WHAT TO PRODUCE:
When you retype the entries, keep each one exact and leave out the pictures.

EXTRACTED RECORDS:
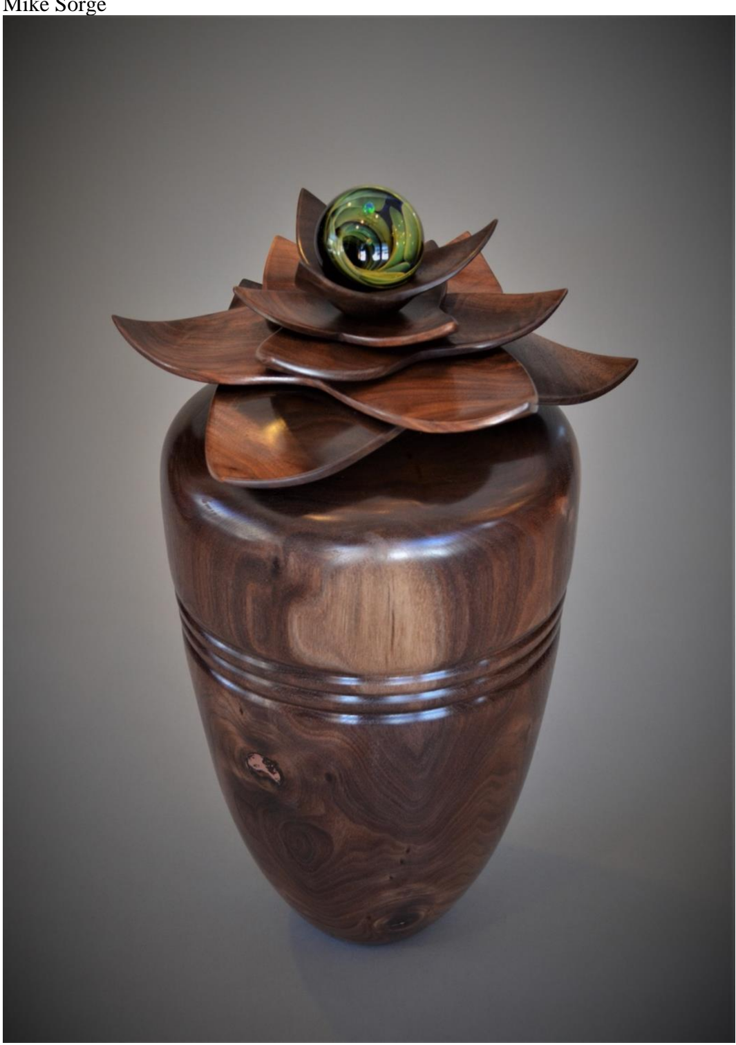
"Sorgente Blossom" - Black Walnut & Glass Sphere, 18" high x 10" diameter (Sorgente definition = origin, fountainhead, wellspring, source of inspiration...)
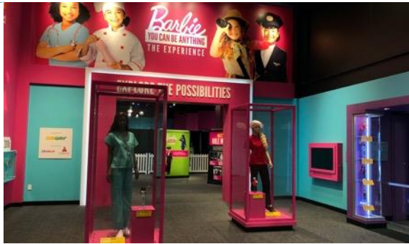
Barbie You Can Be Anything
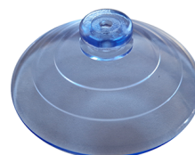
EXTRACTION KIT Suction cup for VITRUM 3 Cod: VITZZ011
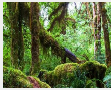
Why rainforests are important to us
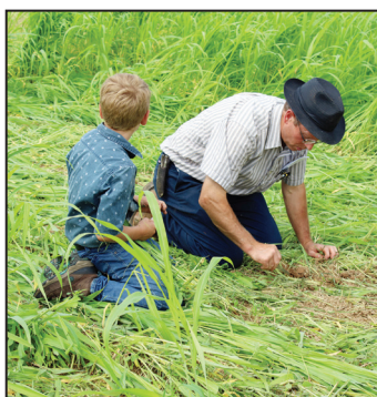
Pictured clockwise from top left: Father and son get a close look at no-till seed placement using soil "dig stick" provided by Horizon Farm Credit. Drone shot of the equipment demonstration at Hershey Farm. The field days received huge support from over 30 vendors and sponsors, each with a display table. A portion of the large crowd in attendance at the eastern field day
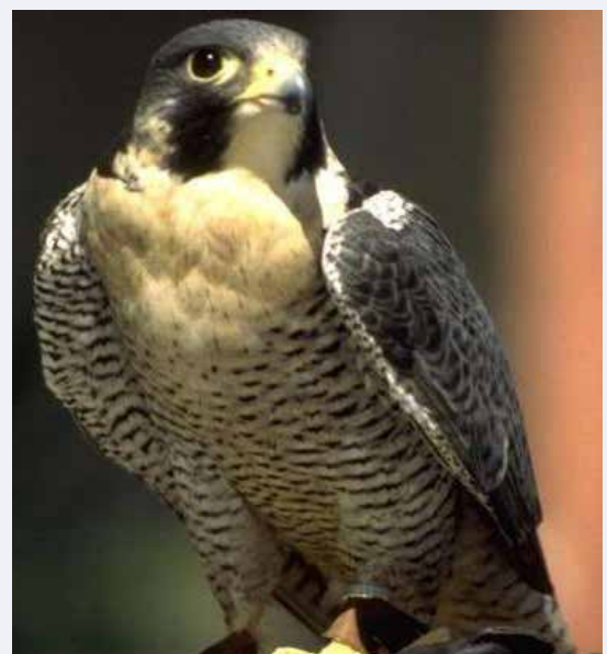
Peregrine

already been recorded. Do take a stroll sometime to take in this amazing avian haven.
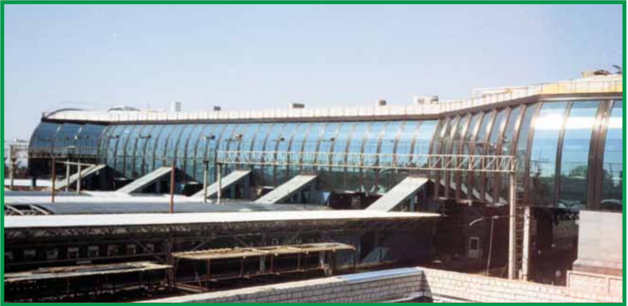
Railway tunnel Dome - Samara
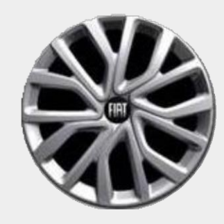
16" black steel wheels with fullsize hubcap
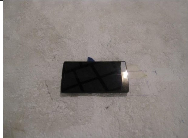
X-AXIS FRONT PHOTO
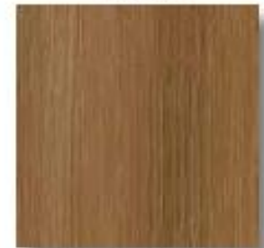
California Dreaming Tara 543
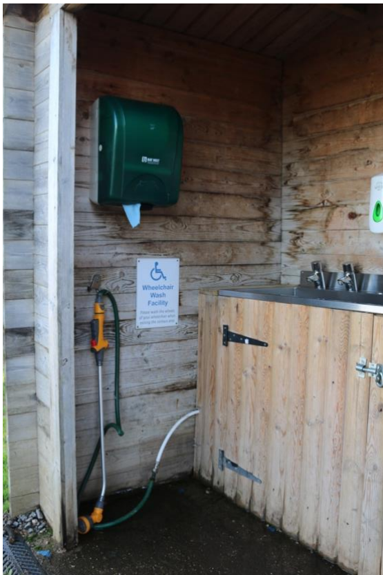
Wheelchair wash station
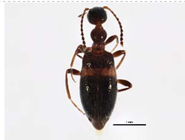
BIOUG05529-G04 [Dorsal] Anthicidae
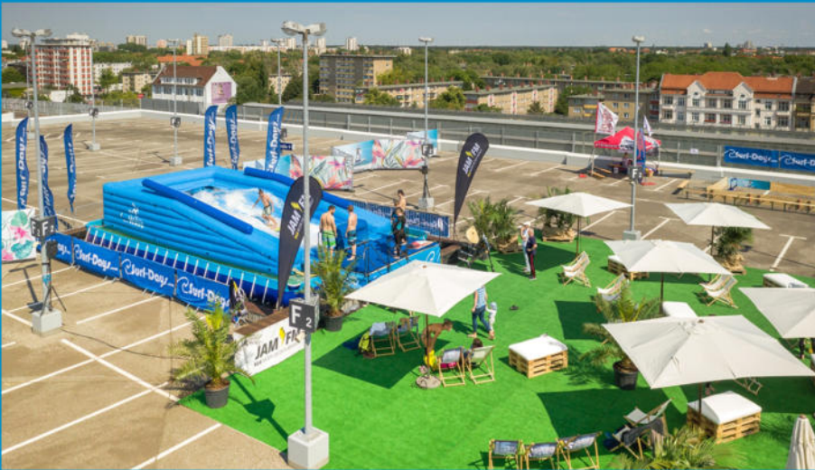
Parkdeck Spandau Arcaden Berlin
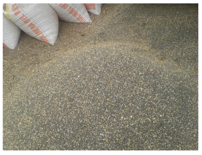
Photo 1. A pile of jimsonweed seed obtained from a highly contaminated corn grain shipment.

stramonium ), contaminating corn crops. If pesticides are not applied, contamination can lead to potential poisoning of livestock. The following photo shows a pile of jimsonweed seed obtained from a highly contaminated corn grain shipment
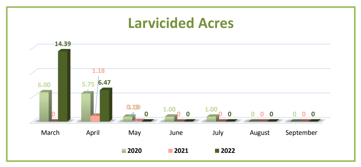
Graph 4 Acres Larvicided
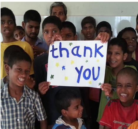
The children want to say a big “Thank You” to you.

Please feel free to let us know what you think of it, and how we may improve on our reporting.
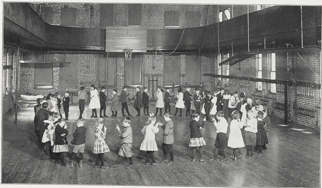
CHILDREN'S PLAYGROUND GYMNASTICS
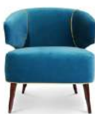
TIPPI ARMCHAIR Page 88
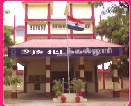
Govt. Law College, Trichy
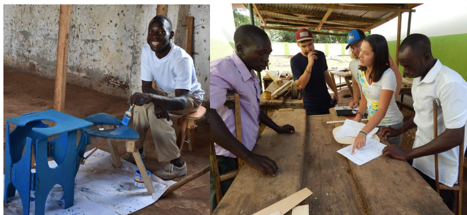
Figure 4. USD Students team and students with disabilities from Ave Maria Fabricating Devices
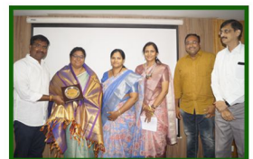
Young Members Meeting

RESPONSE:
"Sorgente Blossom" - Black Walnut & Glass Sphere, 18" high x 10" diameter (Sorgente definition = origin, fountainhead, wellspring, source of inspiration...)
Barbie You Can Be Anything
EXTRACTION KIT Suction cup for VITRUM 3 Cod: VITZZ011
Why rainforests are important to us
Pictured clockwise from top left: Father and son get a close look at no-till seed placement using soil "dig stick" provided by Horizon Farm Credit. Drone shot of the equipment demonstration at Hershey Farm. The field days received huge support from over 30 vendors and sponsors, each with a display table. A portion of the large crowd in attendance at the eastern field day
Peregrine

already been recorded. Do take a stroll sometime to take in this amazing avian haven.
Railway tunnel Dome - Samara
16" black steel wheels with fullsize hubcap
X-AXIS FRONT PHOTO
California Dreaming Tara 543
Wheelchair wash station
BIOUG05529-G04 [Dorsal] Anthicidae
Parkdeck Spandau Arcaden Berlin
Photo 1. A pile of jimsonweed seed obtained from a highly contaminated corn grain shipment.

stramonium ), contaminating corn crops. If pesticides are not applied, contamination can lead to potential poisoning of livestock. The following photo shows a pile of jimsonweed seed obtained from a highly contaminated corn grain shipment
Graph 4 Acres Larvicided
The children want to say a big “Thank You” to you.

Please feel free to let us know what you think of it, and how we may improve on our reporting.
CHILDREN'S PLAYGROUND GYMNASTICS
TIPPI ARMCHAIR Page 88
Govt. Law College, Trichy
Figure 4. USD Students team and students with disabilities from Ave Maria Fabricating Devices
Young Members Meeting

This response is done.